Speaking the Language: First Night in Leipzig

DSC_0072In my nineteen long years on this earth, I have encountered few things as rewarding as successfully holding a conversation with a native of a different language, in their language. I have also experienced few things as humiliating as completely butchering their grammar and accent and subsequently getting mocked. Both have happened multiple times on this trip, and both have been equally eye opening.

live music in Leipzig

Live Music in Leipzig

The sound of live music grew louder as we walked deep into Downtown Leipzig, where a crowd of tshirt- clad Germans waved heart-shaped balloons and danced to “YMCA”. After eating dinner and surveying the scene, we grabbed the last “I Heart Leipzig” shirts and raced to the center of the crowd. A young girl sitting on her mom’s shoulders shook her balloon and it lit up wildly enough to match her smile. An old man behind us gestured to my camera: “Foto?”. It was easy enough to understand. I handed him my camera and smiled in thanks. After he snapped a few shots, he offered a toothy smile and began to speak: “Woher kommen sie?”

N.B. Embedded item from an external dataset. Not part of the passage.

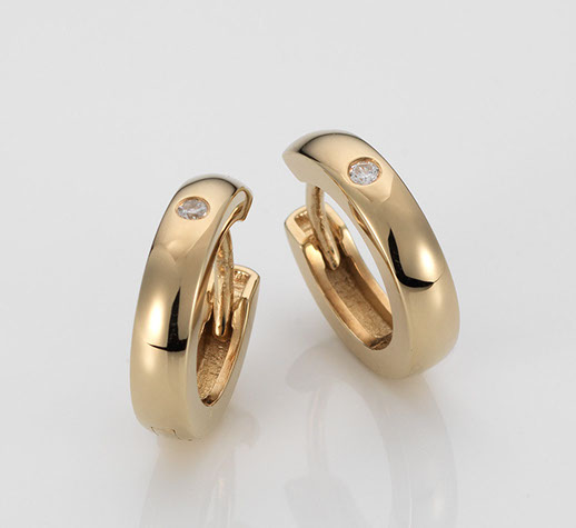 Description: Yellow gold huggie earrings of finest quality in polished finish

I froze, but my mind raced. Do I say America or Missouri? What preposition am I supposed to use? Should I just ask if he speaks English? I fortunately remembered that I learned how to answer this very question the second week of German class: “Ich komme aus America.” “Ah, I see! Sehr gut, so you speak English! What are you doing in Germany?” The man responded with accented, but nearly perfect English. Stay strong, I told myself. You are here to learn German, not to speak English with Germans. But what in the world is that damn preposition? This time, I couldn’t remember. “Ich studiere Journalismus…Universität Leipzig”, I stuttered out weakly. I expected a grimace or at the very least some laughter, but instead he looked simply delighted with my attempt. The old man threw his arms around me, and I finally felt welcome in the country that had isolated me with a language barrier.DSC_0071

There are ways to communicate without spoken language. It could be gesturing to a camera, granting a wide smile, or extending arms for an embrace. At times it could be easier to rely solely on these forms of communication, but I have found it most effective to release myself from the binds of embarrassment and just give the conversation my best shot. Sometimes it ends up with the heat rushing to my cheeks, and a strong urge to hide under my covers for a few hours. Other times, it ends with a changed perspective and a new friendship.